The Securities and Exchange Commission (SEC) has begun deploying blockchain analytics tools and artificial intelligence (AI) to trace transactions, detect fraud, and strengthen cybersecurity in Nigeria’s financial system.
The Commission said the move aims to curb illicit investment activities, Ponzi schemes, and the growing use of digital wallets for money laundering and other financial crimes.
SEC’s Director-General, Dr. Emomotimi Agama, disclosed this on Wednesday in Abuja during a lecture at the Abuja Journalists Academy titled “The Regulation of Digital Assets and Virtual Asset Service Providers in Nigeria.”
Represented by the Head, External Relations Department, Mrs. Efe Ebelo, Agama said the Commission is working closely with the Central Bank of Nigeria (CBN) and the Economic and Financial Crimes Commission (EFCC) to track and freeze illegal digital wallets.
“To strengthen enforcement, the SEC is collaborating with the CBN and EFCC to freeze illicit digital wallets and recover criminal proceeds.
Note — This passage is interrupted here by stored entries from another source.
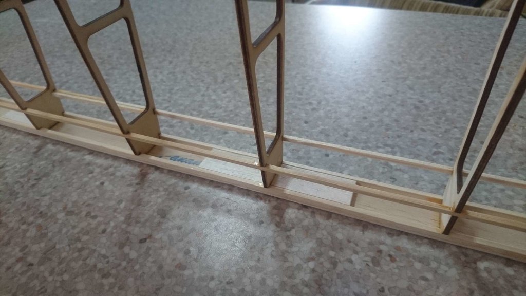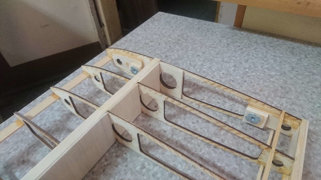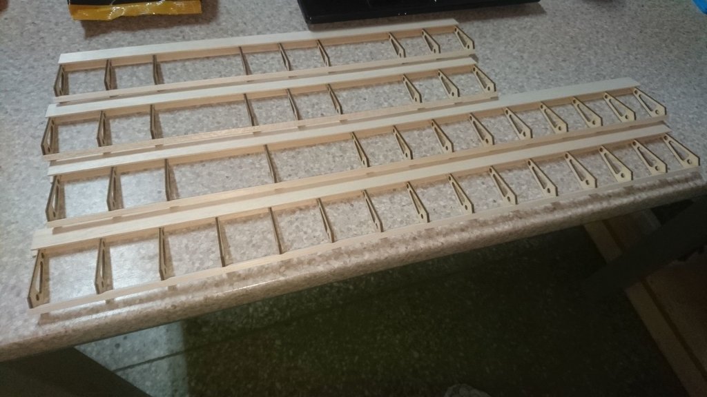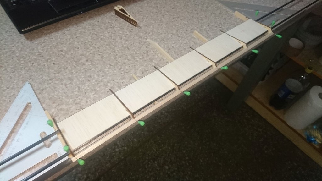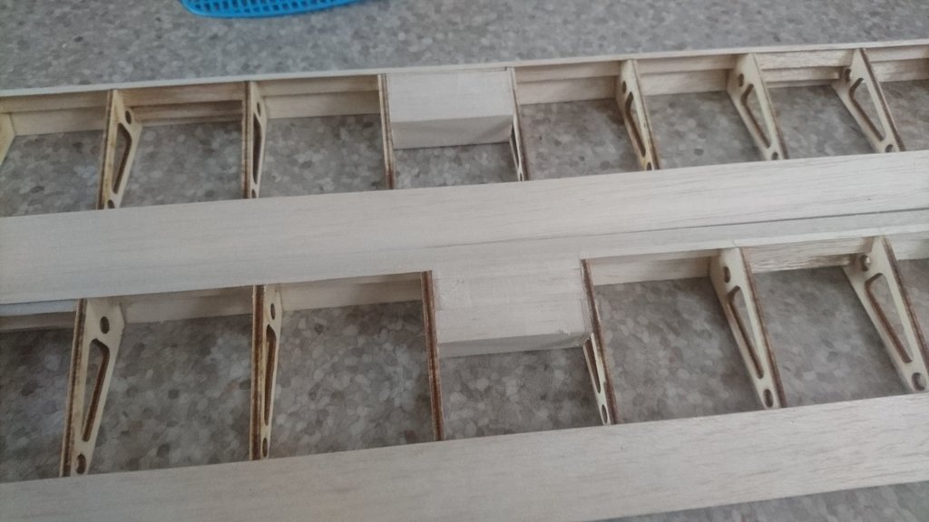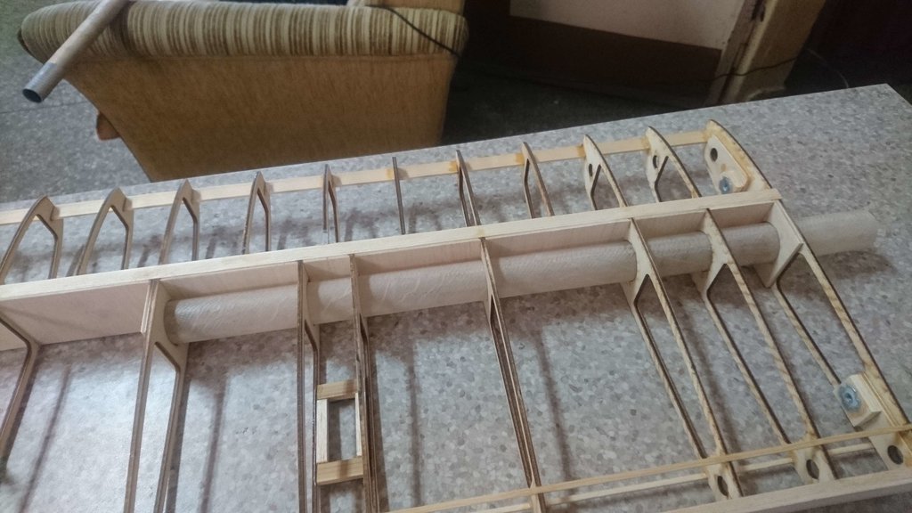 ciąg dalszy skrzydła wstawiam wypełnienia sklejkowe pod zastrzały, rurki łączące pierwsze żeberka i można przyklejać keson
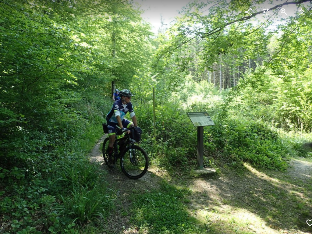 après une nuit réparatrice à l’auberge du Cerf à Winkel, nous sommes prêts à partir pour Sentheim toujours en longeant la frontière du départementdès le départ la terrible côte de Winkel…heureusement, pendant la montée une borne touristique relatant la barrière électrique installée en 14 par les Suisses pour empêcher le passage des frontaliers et des déserteursau carrefour des Ebourbettes, nous pouvons souffler un peula chapelle des Ebourbettes est magnifiquela ferme des Ebourbettes sur la frontière suisse a une histoire. elle a servi notamment à l’évasion du général Giraud. le petit bâtiment qui avait brûlé récemment au fond a été restauré grâce à Groupama nous a dit la fermière en allant voir si ses pommes de terre pointaient le bout du nez. si le chien ne nous aime pas c’est parce que des cyclistes lui ont donné des coups de pied…ce chien contrôle son territoire. Il est venu vers nous, a aboyé, puis a poursuivi son chemin.et après, où va t-on?on va droit au point de vue voir les ruines du château de Morimontc’est là, en bas, les ruines de Morimontpour monter au Roc du Corbeau, c’est gratiné!au Roc du Corbeau, vue sur le château plus préciseon quitte le massif dans une descente périlleuse qui nous amène à Levoncourt (km8)première position allemande de la frontière suisse jusqu’à Ostende en 14-18entrée de Pfetterhouse, nous voici sur du plat et l’on va prendre la piste cyclable jusqu’à Dannemarieun bitume salvateurétrange animal en équilibrepause à Wolfersdorf. on a fait 40km
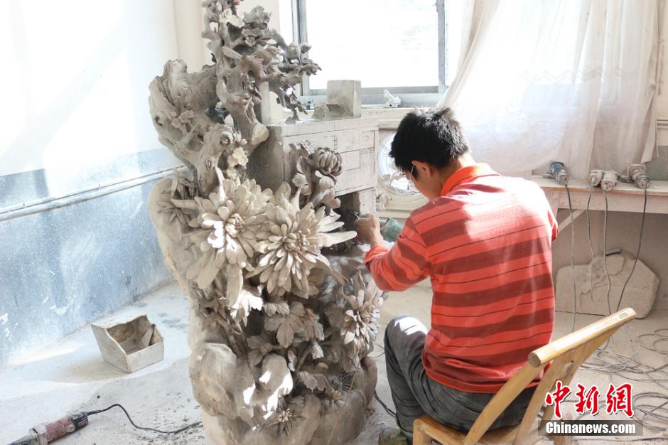 Chrysanthemum stone is formed in geological conformation movement. A gold medal winner in 1915 Panama World Expo, the chrysanthemum stone of Liuyang, central China’s Hunan Province enjoys great fame. As unique artwork of Liuyang, the chrysanthemum stone carving is famous for its sophisticated craftsmanship and high collection value. (Chinanews/Huang Shili)

Our goal is to ensure that innovation serves progress, not predation,” he stated.
He noted that Nigeria ranks among the top countries in global digital asset adoption, with over one-third of its population engaged in crypto-related activities—reflecting the innovation of Nigerian youths and the push for financial inclusion.
However, Agama cautioned that the rapid growth of digital assets has created opportunities for abuse through crypto scams, fake wallet apps, phishing, and ransomware attacks.
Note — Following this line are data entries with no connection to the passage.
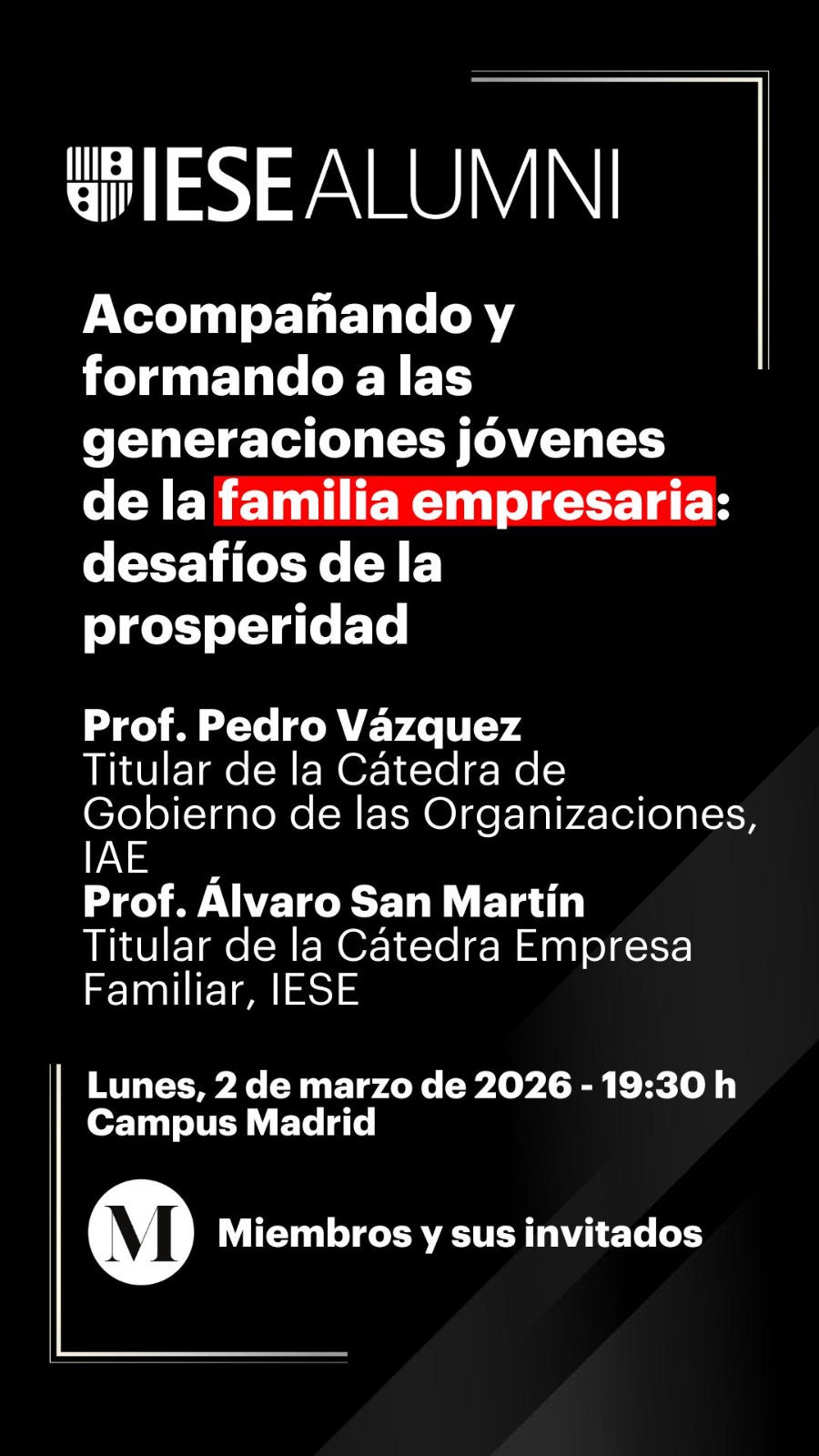 Led by IAE Prof. Pedro Vázquez, the Spanish-language session will explore the opportunities, risks and educational considerations involved in preparing next-generation members to responsibly steward both wealth and family values.
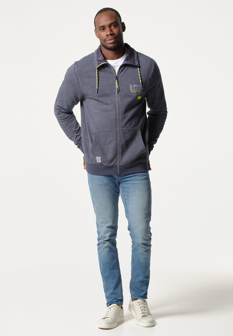 Sweatshirt homme bleu marine zippé avec capuche et intérieur doux
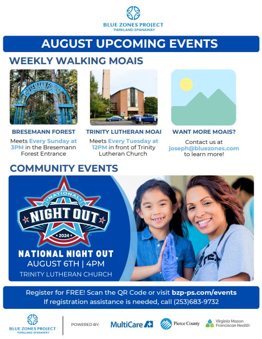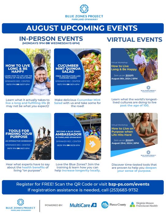 The following events are taking place in August with the Blue Zones Project Parkland-Spanaway. Blue Zones are places in the world that the National Geographic identified as places that people commonly live to be 100. Parkland Spanaway is not one of them, in fact, we have the lowest life expectancy on an average than the rest of the county.
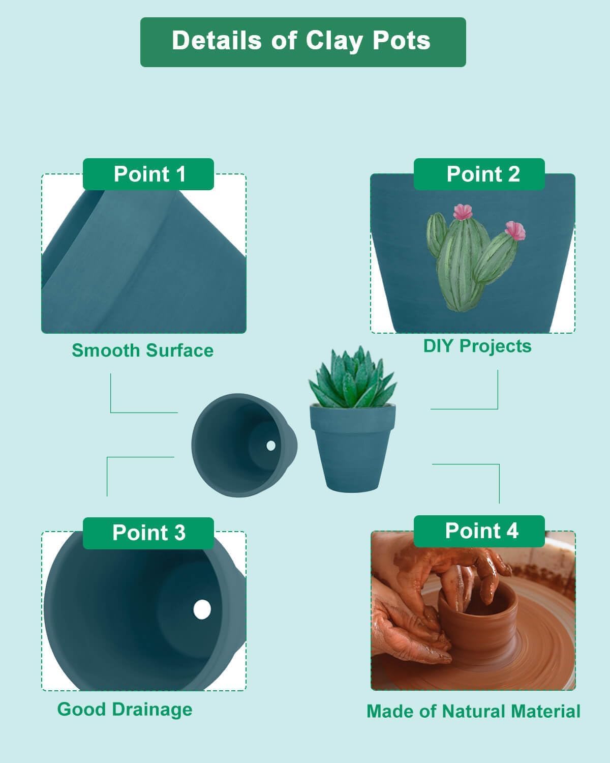 - 【Drainage Holes】 Each terracotta pottery planter comes with a small drainage hole at the bottom, increasing drainage efficiency when watering, protecting the health of your flowers or succulents.
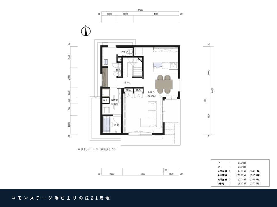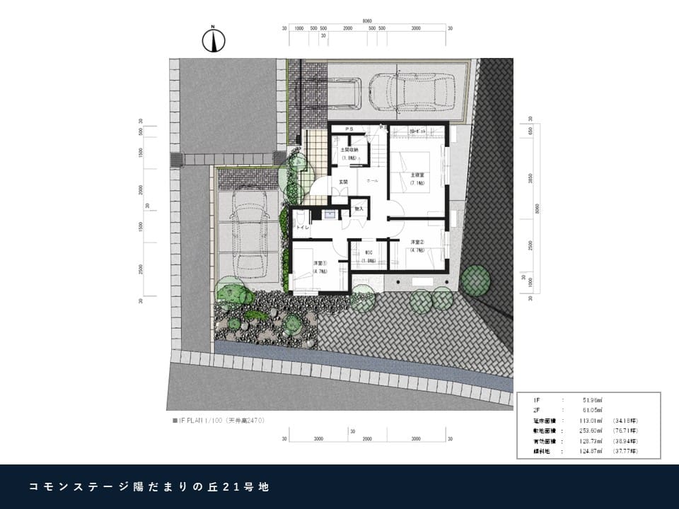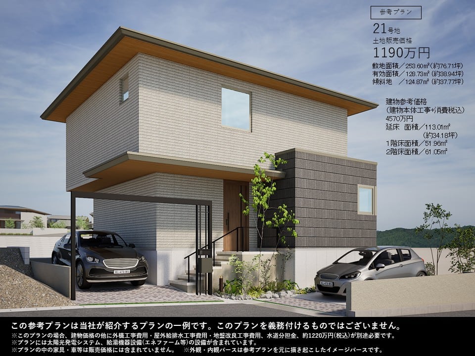 21号地にて注文住宅を建てた場合の参考プランです。※建売の販売ではありません。
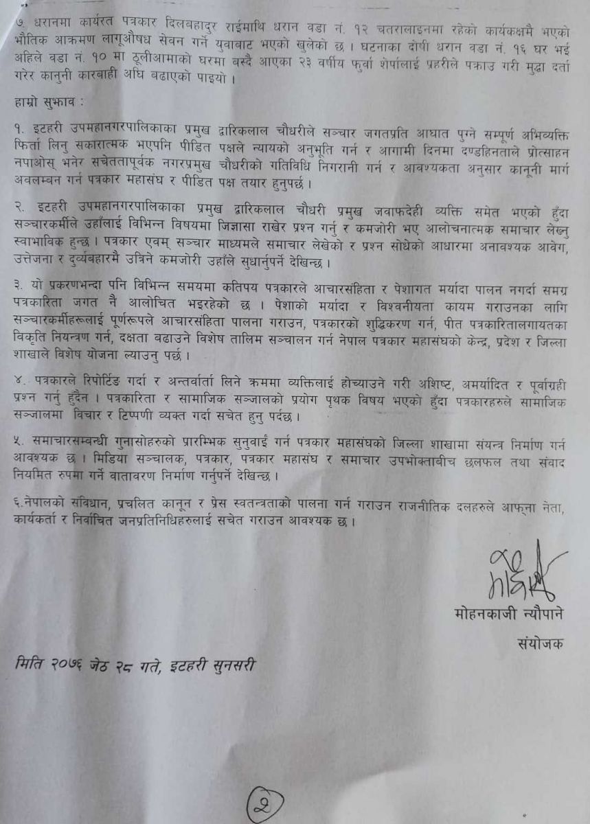 इटहरीमा भएको पत्रकार र मेयरबीचको घटनालाई लिएर टोलीले केही सुझाब दिएको छ। मेयर चौधरीले गल्ती स्वीकार गरे पनि पीडित पक्षले अनुभुति हुने गरी मेयर चौधरीले आगामी गतिविधि सच्याउनु पर्ने देखिएको छ।

“Without strong regulation, innovation can quickly become vulnerability,” he warned. “Regulation is not about restriction; it’s about building trust and ensuring that innovation strengthens our economy rather than weakens it.”
To mitigate these risks, the SEC has introduced a comprehensive regulatory framework for Virtual Asset Service Providers (VASPs) under its 2022 Rules on the Issuance, Offering, and Custody of Digital Assets, anchored on three pillars—licensing, compliance, and transparency.
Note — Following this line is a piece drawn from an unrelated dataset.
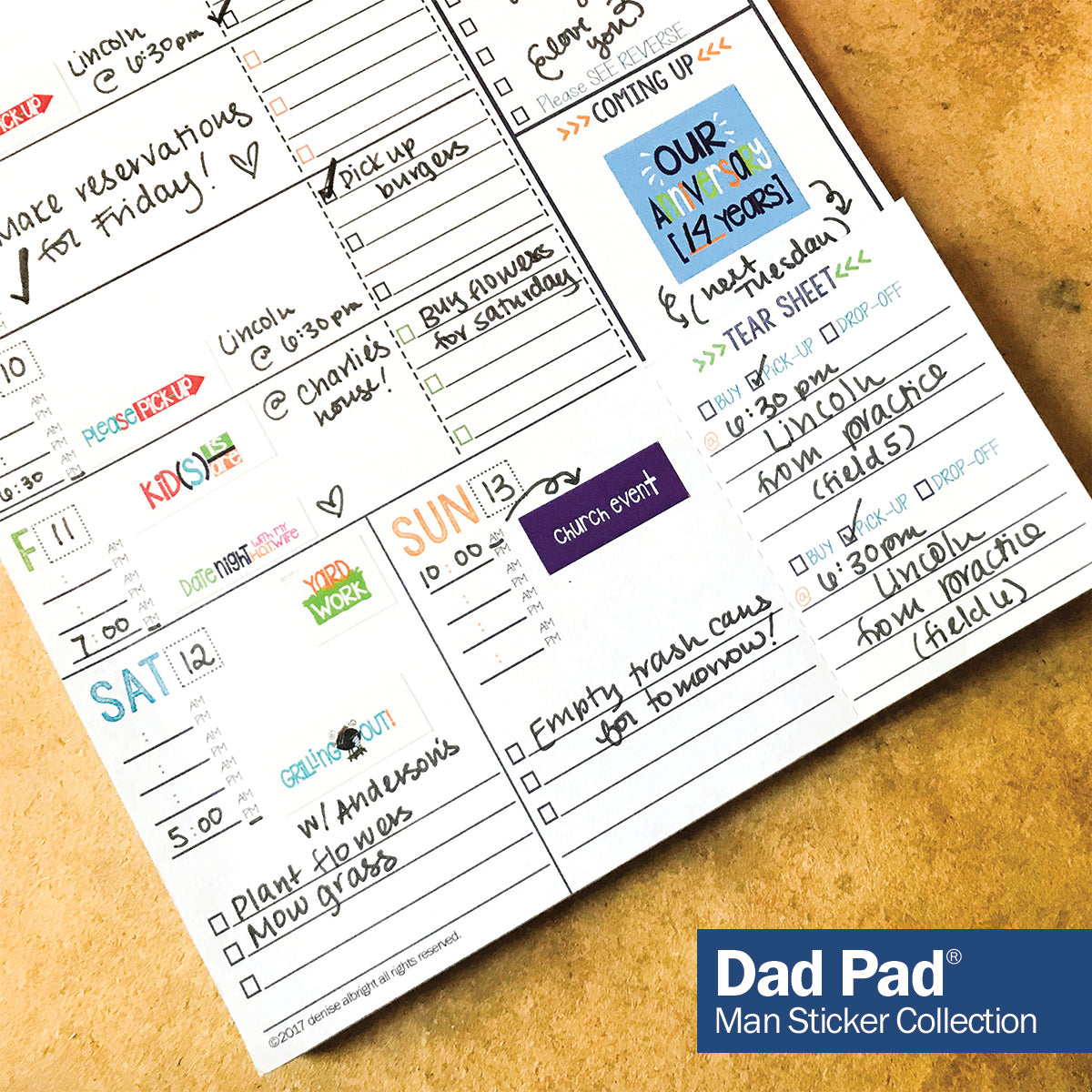 - Dad Pad Man Stickers (644 Stickers) - He'll never admit it, but stickers help him notice what he should! Add these "man" stickers to his own weekly view to help him stay on task with events he needs to attend, tasks he needs to do and let's be honest, remembering your birthday and anniversary!

Agama explained that beyond issuing regulations, the Commission is leveraging modern technology to enhance market surveillance.
“We are using blockchain analytics, AI, and advanced monitoring systems to strengthen our supervisory capacity,” he said. “This will help us respond faster to suspicious transactions and protect market integrity.”
He added that the collaboration with the CBN and EFCC will improve coordination among regulators and law enforcement agencies, enabling swift action against cross-border financial crimes.
Placing Nigeria’s regulatory approach in a global context, Agama said the Financial Action Task Force (FATF) now mandates all VASPs worldwide to implement anti-money laundering (AML) and counter-terrorism financing (CFT) controls. He cited the European Union’s MiCA framework and recent U.S. enforcement actions against unregistered exchanges as examples of the tightening global oversight.
“The message globally is clear — digital finance must be as transparent, accountable, and investor-friendly as traditional finance,” he said.
Agama stressed that the SEC aims to maintain a regulatory balance that encourages innovation while protecting the financial system from abuse.
“If regulators clamp down too hard, innovation migrates offshore; if they regulate too softly, risks multiply. Our task is to find the right balance that encourages creativity while protecting Nigerians from exploitation,” he added.
He emphasised that digital assets have become a structural pillar of modern finance, reshaping markets and redefining trust, ownership, and value exchange globally.
Concluding, Agama reaffirmed the SEC’s commitment to building a digital finance ecosystem rooted in ethics and transparency.
“The future of finance is digital, but its foundation must remain ethical, transparent, and trustworthy,” he said. “Trust is the ultimate currency, and as regulators, our highest duty is to preserve it.”
He also urged fintech innovators and investors to embrace responsible innovation, assuring that the SEC’s goal is to create a secure environment that promotes financial inclusion, investor protection, and national development.